Published on June 29, 2006 at 6:30 PM · No Comments

Scottish researchers have come up with a method of identifying people who are at risk of certain types of hereditary colon cancer.

They have developed a two-stage screening model which can genetically identify those with hereditary cancers and say it will also help influence treatment choices for those already diagnosed with colon cancer.

The researchers from the University of Edinburgh say the method allows for a rapid assessment of whether any patient newly diagnosed with bowel cancer has a mutation.

This year, colorectal cancer will affect as many as 150,000 people in the United States and 500,000 worldwide and the outcomes of the disease could be prevented if more was known about the risk of colorectal cancer developing and effective preemptive action was applied.

Colon cancer is the third most common cancer, and more than 55,000 people in America alone die each year from the disease.

Around 3 to 4 percent of cases of colorectal cancer occur in the familial cancer syndromes and the most common is the Lynch syndrome which is caused by a germ-line mutation in one of four DNA mismatch-repair genes.

There are apparently complicated molecular changes that occur in colon cancer which are difficult to detect and some hereditary cancers are missed even when these tests are used.
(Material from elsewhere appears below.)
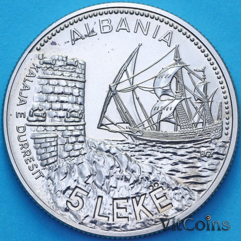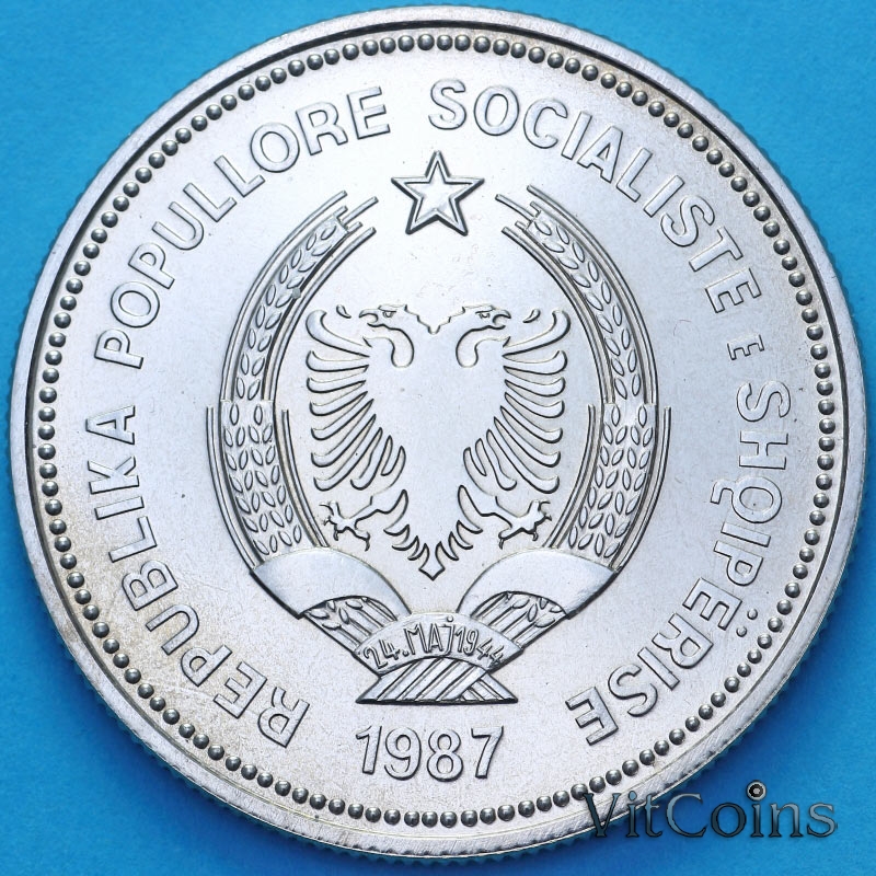 Монета Албания 5 лек 1987 год. 60 лет порту в Дурресе

The Scottish researchers aimed to improve upon the existing screening techniques so for the study they recruited 870 people newly diagnosed with colon cancer, all under age 55 at the time of diagnosis.

This in itself indicates a higher-than-average risk of hereditary colon cancer as almost all colon cancers are diagnosed in people over age 50.

Then, regardless of family history, age, and other personal details, the researchers examined blood and tumor samples to look for mutations in the study volunteers' DNA that would increase the risk of colon cancer and found that 4 percent of those in the study had such mutations.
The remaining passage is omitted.